It’s been a busy spring. Sometimes I wonder where my time goes to before being shelved in the back of my mind, but I know full well of life’s appetites for the stuff. Time is delicious. Time is vitamins for Life. Life eats that shit up like it’s going out of style.
Simeon is growing into a proper, wonderful, opinionated little person. He’s just hit the 17 month mark, and I find myself laughing, frustrated, and scared to bits more and more as he learns new ways to attack and consume life right back. It’s no wonder Life needs to keep eating time. His latest little quirk is his ability to frown…usually when he means it, but it’s hilarious when he does so as he flips back and forth between an Awesome-Face smile and this serious “I don’t think so, Tim” grimace. He’s also getting more frustrated that we can’t understand his baby-talk. I think he’s eventually going to give up on us and learn English.
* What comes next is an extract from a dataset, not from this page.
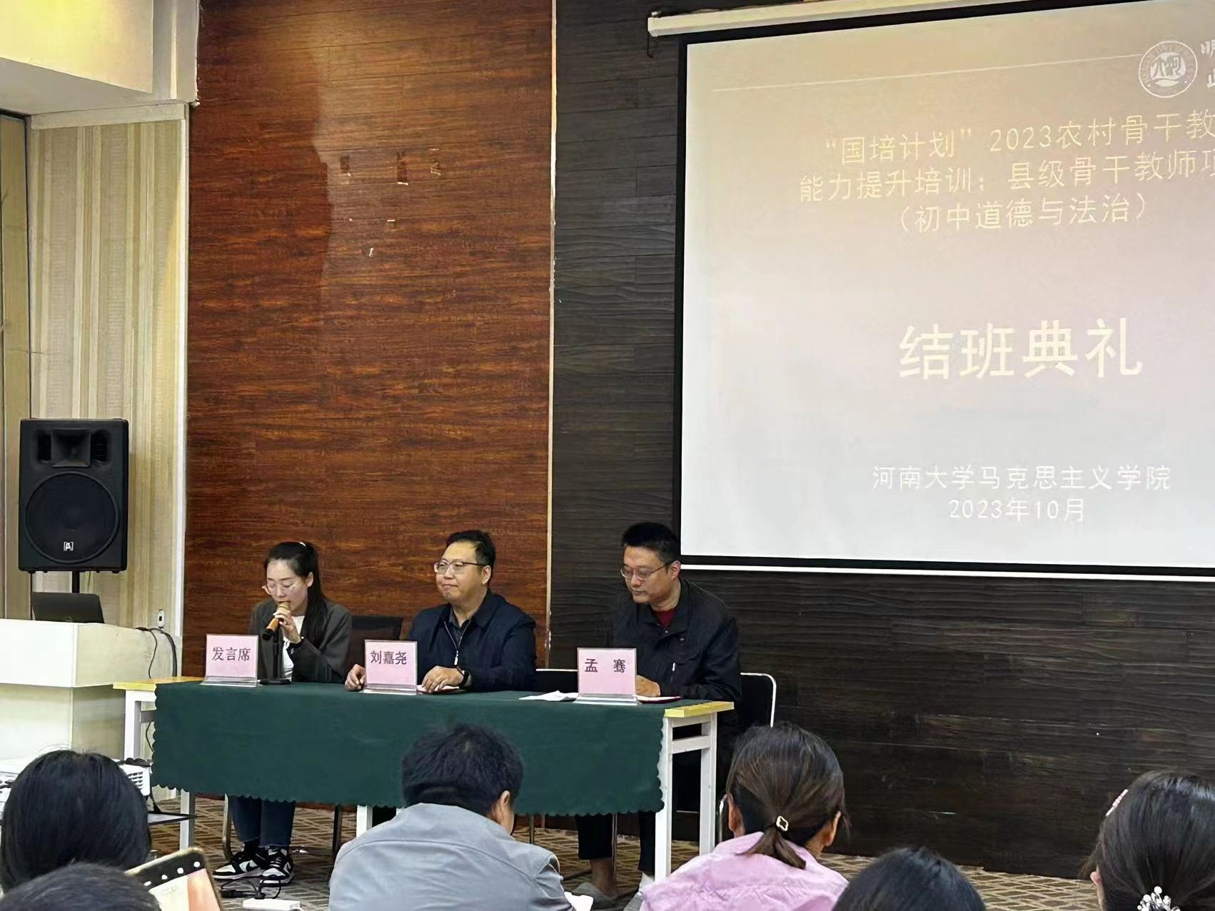 10月19日上午11点, “国培计划”(2023)农村骨干教师能力提升培训:县级骨干教师项目(初中道德与法治)世俱杯官方网站培训班结业典礼在开封市怡程酒店会议室隆重举行。世俱杯官方网站副院长刘嘉尧、副院长孟骞出席会议,仪式由孟骞主持。

I can’t wait.
Senie is enjoying work, having great time while driving, and is as wonderful as ever, though I do get concerned that www.thatguywiththeglasses.com will start setting up a server mirror in our house to alleviate the bandwidth she uses from their site.
As for me, I just got back from my first multi-country motorcycle ride.
Cramming your arse and fifty pounds of camping gar onto a Supersport bike for Four Thousand KM on what ended up being a fading rear tire is definitely not something I would recommend to everyone. Surely there are more comfortable bikes for a long journey and easier ways to enjoy the sights besides hearing the noise of road, air and engine screaming for hours on end. I think they call them Cruisers or Sport Touring bikes…
Yep. Definitely not something I would recommend to everyone. After all, I know people who simply cannot drive. I know a bunch of babies who wouldn’t be able to reach the controls. I also know of a few people who are blind, or legless.
Everyone else, though, I’d recommend it in a quarter-heartbeat.
Oh, I’ll be looking into getting a softer seat, and maybe some adjustable rear sets to help my knees not explode after a long day’s ride, but for my first honest to goodness, seat of my pants, everything in a few duffel bags adventure…it was absolutely incredible.
Weaving up and down through the Rocky Mountains, riding through clouds, passing RV after RV…even the regular bouts of road construction were more of an excuse to look around and enjoy the view instead of complain about delays. The best part, however, happened sometime after Lake Louise, when the mountains engulfed my senses and I was driving through a different kind of forest than I normally know. I was back in BC. Northern BC. I haven’t been this close to my birthplace for close to a decade…or more? I honestly can’t remember when it was.
It’s such a simple, subtle change. The greens look more like the greens you remember. The trees look more like the trees you remember. Those DNA-engraved qualities of the world, the sky, the stars…they all suddenly become vivid and important and nostalgic again and you suddenly shout out with glee…yes! I remember! I REMEMBER! And the smells! Oh Lord! The smells! Just the way the forest smells when you ride through a brewing summer shower, or the heat of the road lights upon your nostrils every little twig, bug and piece of stone. You can get the vision from the seat of a car, but the smell…the feel…the visceral and magnetic attachment to your environment…you need to be exposed for that to happen. You need to be in the environment to receive it all. You need to be on a bike.
I can’t really explain the differences between BC and the Rest Of The World completely. I don’t know if it has echoes all over the land, or if it is truly unique, but it certainly feels biased to the latter. There is simply no other way to describe the way the forest coming right up to the edge of the road and towering over you like a battlement. There’s no way to describe the slow, calming rivers of city traffic and the reckless abandon of the highway speeds. Everywhere you go, a place to stop that overlooks an incredible scene, and everywhere you go, hours and miles to travel before you get to your destination, no matter how close you thought you were. It’s like being lost in a dream with a road map that may or may not lead to buried treasure at the end, but you suspect that it was printed just as an excuse to get you out there to experience the road.
I love Alberta, and only the most jaded BC migrates ever say there are no trees here, or its not nearly as beautiful…it is. It really is. But there was something…soul-healing…to be back in the lands I used to call the entire world when I was less than ten years old. It’s no wonder that 1 in 3 people still live in their birth town.
Though, I suspect that it isn’t nearly as much fun coming back home if you never went away in the first place.